Output will be as follows.

BB 3
AA 2

If you need output in same sequence as Input_file then try as follows(By reading Input_file 2 times in following solution).

awk -F"|" 'FNR==NR{A[$NF]++;next} ($NF in A){print $NF, A[$NF];delete A[$NF]}'   Input_file  Input_file

Output will be as follows.

AA 2
BB 3

Hope this helps you.

Thanks,
R. Singh

drl · August 15, 2016, 8:41am

Hi.

Also with standard utilities:

cut -f8 -d'|' <your-input-file> | sort | uniq -c

producing

      2 AA
      3 BB

Best wishes ... cheers, drl

Nik44 · August 15, 2016, 9:52am

Thanks for the reponses! I've gone for the more straight forward cut option as it provides the desired output.

However I forgot to add to this question... Is there a way of refining this output further so that it will only count a record of that group where field four is "1" and where field five is "Y"? I realise in the example supplied it would still show the exact same count.

RavinderSingh13 · August 15, 2016, 10:35am

Hello Nik44,

Could you please try following and let me know if this helps you.

awk -F"|" 'FNR==NR{gsub(/\"/,X,$0);if($4==1 && $5=="Y"){A[$NF]++};next} ($NF in A){print $NF, A[$NF];delete A[$NF]}'  Input_file  Input_file

On a Solaris/SunOS system, change awk to /usr/xpg4/bin/awk , /usr/xpg6/bin/awk , or nawk .

Thanks,
R. Singh

Nik44 · August 15, 2016, 10:52am

Thanks Ravinder.

The command executes without any issues, however doesn't seem to have altered the file (is identical as to pre the command). Is this perhaps because my data includes literal double quotes?
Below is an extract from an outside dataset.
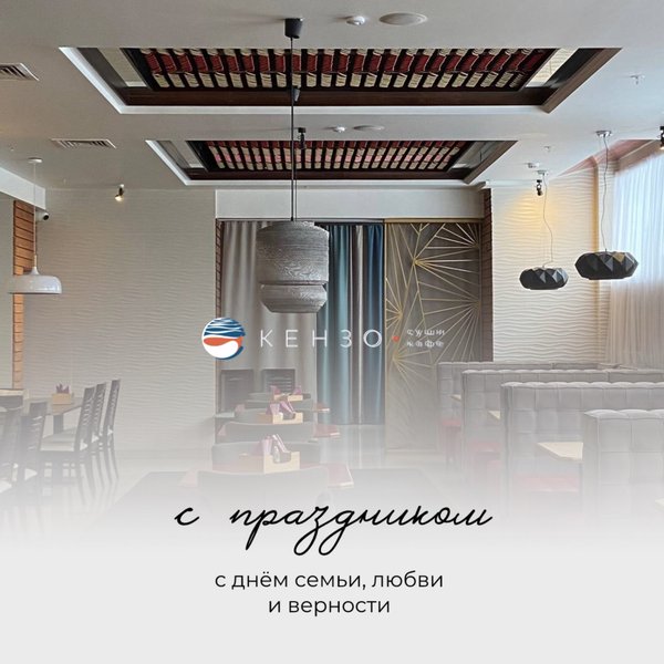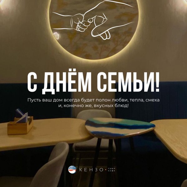 Дорогие гости! От всей души поздравляем вас с Днем семьи! Пусть ваш дом всегда будет полон любви, тепла, смеха и, конечно же, вкусных блюд! В суши-кафе «Кензо» мы знаем, что нет ничего важнее, чем проводить время с близкими, делясь радостью и вкусными моментами. Приходите к нам в гости всей семьей и насладитесь свежими, ароматными роллами, нежным сашими и вкуснейшими десертами Мы всегда рады видеть вас! Воскресенская 59, 0 этаж ️Бронь столов: ️Заказать доставку:

I tried escaping them but doesn't seem to make any difference

RavinderSingh13 · August 15, 2016, 11:01am

Hello Nik44,

You could say Thanks to a person by hitting THANKS button at left of every post.
Above awk command will not put output into same Input_file, you should try following to do the same.

awk -F"|" 'FNR==NR{gsub(/\"/,X,$0);if($4==1 && $5=="Y"){A[$NF]++};next} ($NF in A){print $NF, A[$NF];delete A[$NF]}'  Input_file  Input_file > tmp_file
mv tmp_file  Input_file

Thanks,
R. Singh

rovf · August 16, 2016, 2:05am

Since you like the solution using 'cut': You could use grep before doing the cut, to return only the lines with the desired properties.

drl · August 16, 2016, 8:32am

Hi.

You're welcome.

My rule of thumb is that when a specific content of a specific field needs to be examined, manipulated, etc., then I reach for awk first ( perl second) because the field-separating facilities are very good.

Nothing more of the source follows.